Nevertheless, the impact of stable long term exclusive relationships on longevity is well established. In a study of one billion person years across seven European countries the married persons had age adjusted mortality rates that were 10-15% lower than the population as a whole. So, on balance, it probably is worth making the effort.

Young love

Less well established are the benefits of early phase romantic relationships—that is, dating. Evidence suggests that romantic relationships in adolescence are associated with increased depressive symptoms, although less so as you get older. Romantic relationships in 18-25 year olds are associated with better mental health, but not better physical health. So it seems that a degree of maturity is required before Cupid is likely to bring a net health benefit.

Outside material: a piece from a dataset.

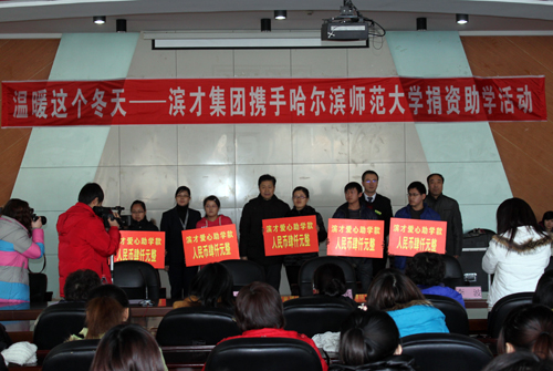 12月24日中午,黑龙江省滨才房地产开发集团有限公司“温暖这个冬天——滨才集团携手哈尔滨师范大学捐资助学仪式”在我校江北校区图书馆一楼报告厅举行。我校党委副书记王为正、滨才集团人力资源总监郭月杰、营销部项目经理李波和我校学生工作处负责人及受资助所在学院的师生代表参加了捐助仪式。

Theoretical perspectives on marriage and other forms of commitment suggest that dating should bring a health benefit. The selection hypothesis says that well adjusted individuals are more likely to establish long term relationships. On this basis, the observed health benefits are unlikely to be causally related to having a relationship. Longitudinal evidence, however, suggests this is not a complete explanation. Greater commitment is also associated with a higher standard of living, but this does not fully explain the boost to mental health from committed relationships. The most widely accepted explanation is that being in a committed relationship means that better social support is available. Commitment seems to provide networks of supportive and helpful relationships, beginning with the spouse or partner, leading to more healthy lifestyles and better emotional and physical health.

Married/single/other

Although partnership is protective of health, this varies according to the type of partnership. Marriage and other forms of partnership can be placed along a sliding scale of commitment, with greater commitment conferring greater benefit. A meta-analysis of 148 studies into the impact of social relationships found that both the amount of emotional support available and the legal status of partnerships are related to mortality. That marriage generally indicates a deeper commitment might explain why marriage is associated with better mental health outcomes than cohabiting. In terms of physical health, the duration of a relationship is as strong a predictor of longevity as legal status. However, cohabiting relationships tend to be less enduring. One study has shown that cohabiting seems to be better for men’s physical health whereas marriage seems better for women’s mental health; this is counterintuitive to the social support hypothesis, suggesting the need for further evidence.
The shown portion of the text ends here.